“Emerson?” Olivia said, curiously. “Thank you. I’ll take the lunch Emerson thoughtfully asked you to pick up into the kitchen.”
Emerson tried to bite back a grin at the confusion on Connor’s face. “You don’t go by Emerson, do you?”
Then she laughed. “Not around people who know me well, but as I said, you were being an asshole when I told you not to shorten it.”
Connor pulled her playfully toward him and kissed her. “Are you ever going to let me live that down?”
With pursed lips, she shook her head. “Probably not. In case you hadn’t noticed, I kind of like the way you say Emerson.”
He moved his lips to her ear. “In case you hadn’t noticed, I occasionally slip and call you Em when I’m deep inside you.”
“Now, that’s a win-win.”
He smudged his thumb along her cheek. “You had a little dust,” he said, his voice rough at the edges like frayed rope.
“Is he here?” The voice of her brother boomed from the kitchen. There was a moment’s pause and then peals of laughter.
“Ready to meet Jake?” she asked.
“For you, anything.”
For the first time in his life, Connor deliberately and carefully got his numbers wrong.
He sat back and looked at the report for his father on possible acquisitions. Everything in it was meticulously researched, conservatively estimated, and hit all of his father’s objectives.
Except Dyer’s Gin Distillery. There was no way he was going to let his father get his hands on Emerson’s distillery.
No one number was hugely inaccurate. But the sum of every positive number being rounded down, and every negative one being rounded up was just enough to put Dyer’s in the middle of the pack with at least three other distilleries looking better. If he could put his father off the scent, it would solve all his problems.
With Dyer’s out of the picture as a possible asset for acquisition, there would be no conflict of interest with regards to him dating Emerson. And he was deliberately tuning out the irony that the entire exercise to make it look that way was a giant conflict of interest.
He flipped to his Excel spreadsheet and looked at the real numbers, which told a very different story. They had space to expand, capacity, a loyal and capable leadership team with Emerson, Liv, and Jake. They had the combined skills to run the place well and create new products.
The lunch he’d had with Jake and Olivia had proved that.
Jake had been thrilled to see old drawings and papers of his father’s that Emerson had found in the office. He talked excitedly about some of the formulas and how he could combine them with flavor profiles he was already working on.
And learning so much more about Olivia, he could see why Paul Dyer had been so protective of her. She was a whip-smart sweetheart. She mentioned plans and campaigns she’d thought of. Bright, innovative approaches. He found out she was responsible for the Medallion branding he’d admired.
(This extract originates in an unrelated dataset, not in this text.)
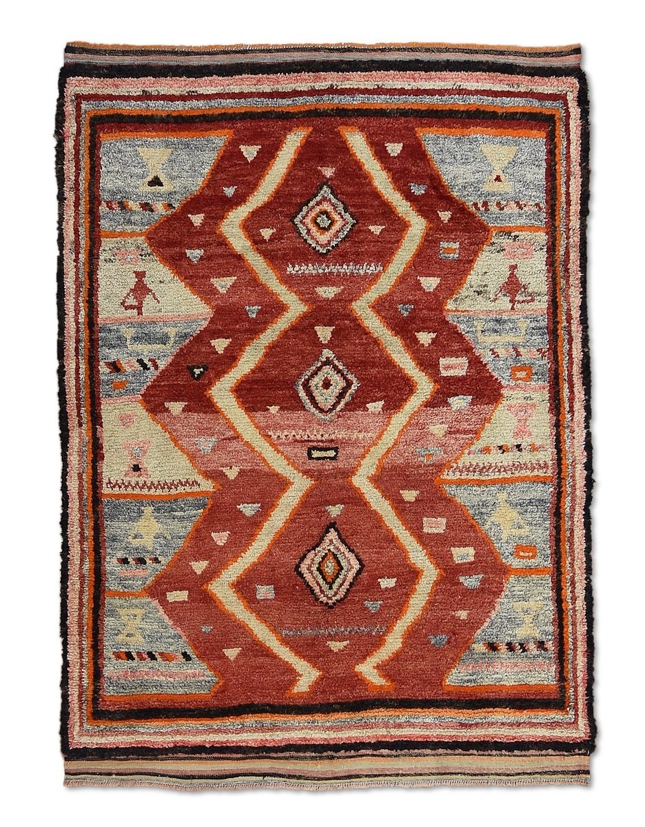 A beautiful Modern tribal design Hand Knotted by using hand spun finest wool to give the pile softer touch done by Master Artisans.

They’d talked about future plans, such as a canning line for Dyer’s on-the-go mixer products and a range of spin-off items for the distillery store.
As a businessman, he would have invested in them in a heartbeat.
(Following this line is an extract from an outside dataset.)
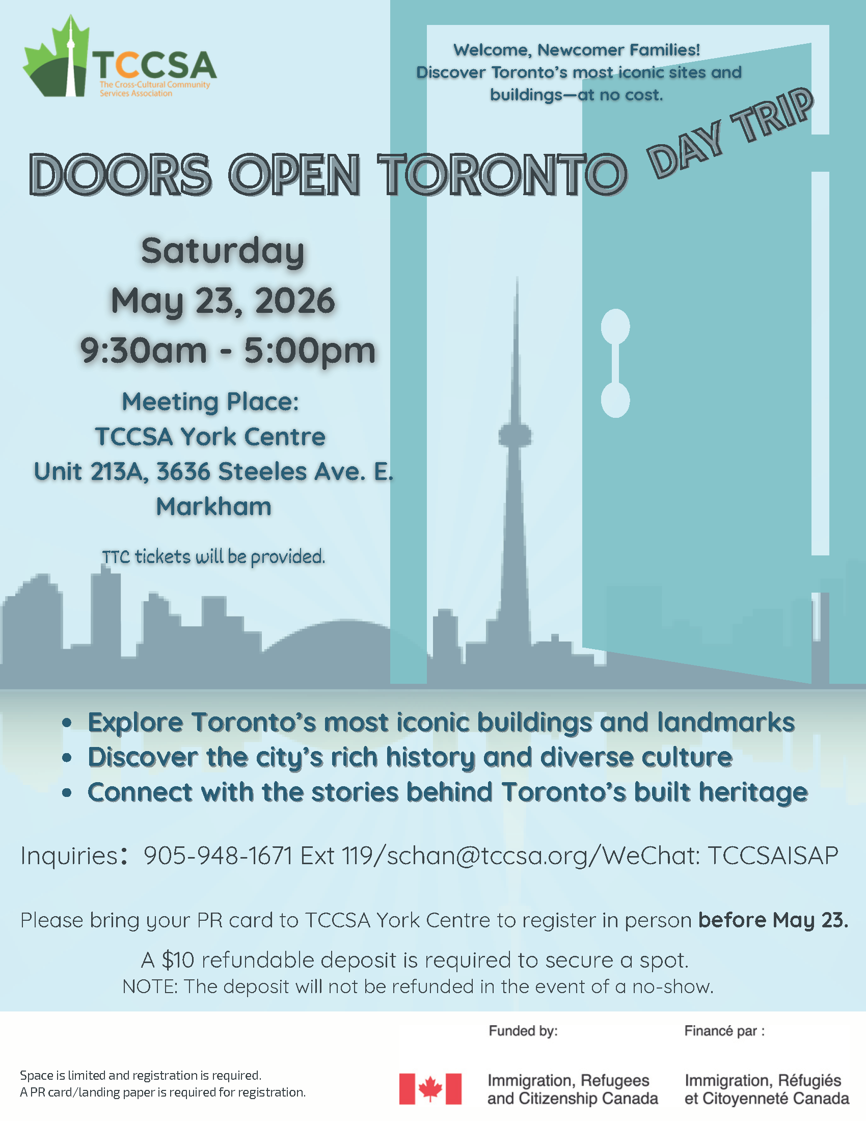 May 23 @ 9:30 am - 5:00 pm Doors Open Toronto Day Trip TCCSA York Centre Metro Square, 3636 Steeles Avenue East, Unit 213A, Markham

But as a man halfway to falling head over heels…
Perhaps he was being a fool.
Perhaps the years of holding out on a serious relationship had been for a reason. Perhaps Emerson had clouded his vision.
But he knew that wasn’t true, could feel the truth down to his bones. He knew full well what Dyer’s was worth…he just felt Emerson was worth so much more than all of it. The fact that he didn’t understand why his father was in the goddamn photograph when there was no record of him in the distillery’s history bothered him, but not as much as it maybe should have.
They’d juggled the weekend. After helping her work through more of her father’s things on Saturday, he’d helped her decorate her home for Halloween. They’d hung small ghosts from the tree in the front garden, set gravestones around its base, and laid cobwebs and black plastic spiders over the bushes beneath the windows. Later that afternoon, he’d driven the two of them back downtown to his condo, where they’d showered, together, and went out for dinner. On Sunday morning, he’d dropped her off at the distillery while he’d gone to work out and collected her when she was done. They’d spent the afternoon hiking before returning to the condo, where she’d helped him prep his meals for the week ahead and had even eaten one for dinner.
How is it? he’d asked.
She’d shrugged. Nothing a bottle of sriracha can’t fix.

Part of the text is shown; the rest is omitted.